Наша гипотеза, согласно которой эти страхи выражают стоящую за ними тревогу, помогают также понять, почему ребенок боится не тех животных, которые его окружают, а, скажем, гориллу или льва. Страх по поводу животных часто представляет собой проекцию тревоги, переживаемой ребенком во взаимоотношениях с ближними (например, с родителями). Случай маленького Ганса, описанный Фрейдом, является классическим примером такого процесса206. Я думаю, что боязнь животных также может быть проекцией агрессивных чувств ребенка, направленных на членов семьи. Эти чувства вызывают тревогу, поскольку реализация их в действии повлекла бы за собой наказание или неодобрение.


206 См.и стр. 114.


Наша гипотеза позволяет, кроме того, понять, почему детские страхи столь непредсказуемы и изменчивы. Если страхи выражают скрытую тревогу, то тревога может перемещаться, фиксируясь то на одном, то на другом объекте. То, что при внешнем анализе кажется непоследовательностью, на более глубоком уровне нередко оказывается вполне последовательным. Сам Джерсильд говорит о связи непостоянных страхов с тревогой, стоящей за ними:

«Когда в жизни ребенка существуют сложности, беспокоящие его с разных сторон, за исчезновением одного вида страхов вскоре может последовать появление какого-то другого, несколько иного характера»207.
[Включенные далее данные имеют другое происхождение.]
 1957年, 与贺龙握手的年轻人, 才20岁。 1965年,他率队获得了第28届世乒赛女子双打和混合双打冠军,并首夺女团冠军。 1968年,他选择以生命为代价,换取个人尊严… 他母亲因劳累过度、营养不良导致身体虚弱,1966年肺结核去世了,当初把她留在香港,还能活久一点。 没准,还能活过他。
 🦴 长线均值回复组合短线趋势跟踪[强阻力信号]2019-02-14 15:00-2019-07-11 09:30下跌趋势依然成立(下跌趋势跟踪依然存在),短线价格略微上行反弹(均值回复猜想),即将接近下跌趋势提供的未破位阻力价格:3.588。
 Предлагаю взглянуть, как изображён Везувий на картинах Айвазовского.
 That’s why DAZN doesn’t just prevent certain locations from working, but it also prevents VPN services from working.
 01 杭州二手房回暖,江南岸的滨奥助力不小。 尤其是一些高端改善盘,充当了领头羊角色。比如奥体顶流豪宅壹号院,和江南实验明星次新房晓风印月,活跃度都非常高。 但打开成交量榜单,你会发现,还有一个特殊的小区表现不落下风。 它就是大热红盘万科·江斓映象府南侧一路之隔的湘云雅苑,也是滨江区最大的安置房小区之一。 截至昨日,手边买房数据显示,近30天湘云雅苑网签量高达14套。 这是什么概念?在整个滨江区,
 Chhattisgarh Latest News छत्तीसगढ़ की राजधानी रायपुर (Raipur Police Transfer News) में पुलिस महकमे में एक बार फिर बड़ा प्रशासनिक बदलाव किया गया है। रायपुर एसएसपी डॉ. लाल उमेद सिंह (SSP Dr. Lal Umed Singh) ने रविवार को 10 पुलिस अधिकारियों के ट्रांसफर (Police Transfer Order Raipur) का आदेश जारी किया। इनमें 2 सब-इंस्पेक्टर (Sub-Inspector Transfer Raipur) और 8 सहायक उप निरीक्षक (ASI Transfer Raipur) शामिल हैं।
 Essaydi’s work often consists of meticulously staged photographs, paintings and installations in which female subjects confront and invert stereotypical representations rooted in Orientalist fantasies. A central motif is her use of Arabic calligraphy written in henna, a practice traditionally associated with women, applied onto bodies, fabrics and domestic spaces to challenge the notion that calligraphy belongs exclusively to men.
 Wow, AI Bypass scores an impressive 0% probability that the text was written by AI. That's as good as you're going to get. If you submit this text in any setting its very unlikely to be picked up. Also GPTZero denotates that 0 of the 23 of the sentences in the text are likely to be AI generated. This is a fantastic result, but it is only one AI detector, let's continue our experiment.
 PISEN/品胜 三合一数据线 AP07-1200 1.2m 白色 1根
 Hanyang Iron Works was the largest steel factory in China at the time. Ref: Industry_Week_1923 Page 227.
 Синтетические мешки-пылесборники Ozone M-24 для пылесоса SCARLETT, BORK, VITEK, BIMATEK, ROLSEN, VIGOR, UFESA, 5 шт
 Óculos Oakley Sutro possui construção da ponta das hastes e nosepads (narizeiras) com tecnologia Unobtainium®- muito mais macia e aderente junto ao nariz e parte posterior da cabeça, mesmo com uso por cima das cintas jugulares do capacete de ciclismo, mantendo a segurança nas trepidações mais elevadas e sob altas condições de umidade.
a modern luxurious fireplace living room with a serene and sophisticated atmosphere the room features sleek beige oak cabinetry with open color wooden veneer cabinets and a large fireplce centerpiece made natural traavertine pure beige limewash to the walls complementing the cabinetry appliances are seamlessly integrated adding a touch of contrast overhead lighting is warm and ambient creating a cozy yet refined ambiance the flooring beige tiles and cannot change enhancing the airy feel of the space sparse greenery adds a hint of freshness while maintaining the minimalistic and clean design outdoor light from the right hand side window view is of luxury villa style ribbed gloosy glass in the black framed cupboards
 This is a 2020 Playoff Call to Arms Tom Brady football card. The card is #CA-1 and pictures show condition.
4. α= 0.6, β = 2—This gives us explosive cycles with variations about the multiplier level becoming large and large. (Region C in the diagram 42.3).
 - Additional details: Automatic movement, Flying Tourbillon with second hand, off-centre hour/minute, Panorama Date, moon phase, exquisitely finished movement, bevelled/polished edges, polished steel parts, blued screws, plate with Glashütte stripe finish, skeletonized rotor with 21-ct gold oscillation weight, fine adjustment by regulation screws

207 Джерсильд продолжает: «Например, ребенок боится, что его покинут; всякий раз, когда мать ненадолго покидает дом, у него возникает страх. Этот страх можно связать с другими симптомами, которые впервые возникли при появлении в доме нового младенца. При таком состоянии конкретные проявления страха могут уменьшаться в ответ на попытки родителей успокоить ребенка, но затем появляются новые страхи, — например, боязнь спать в темной комнате, — если сохраняется стоящее за этим страхом чувство неуверенности». Child psychology, op. cit., стр. 274.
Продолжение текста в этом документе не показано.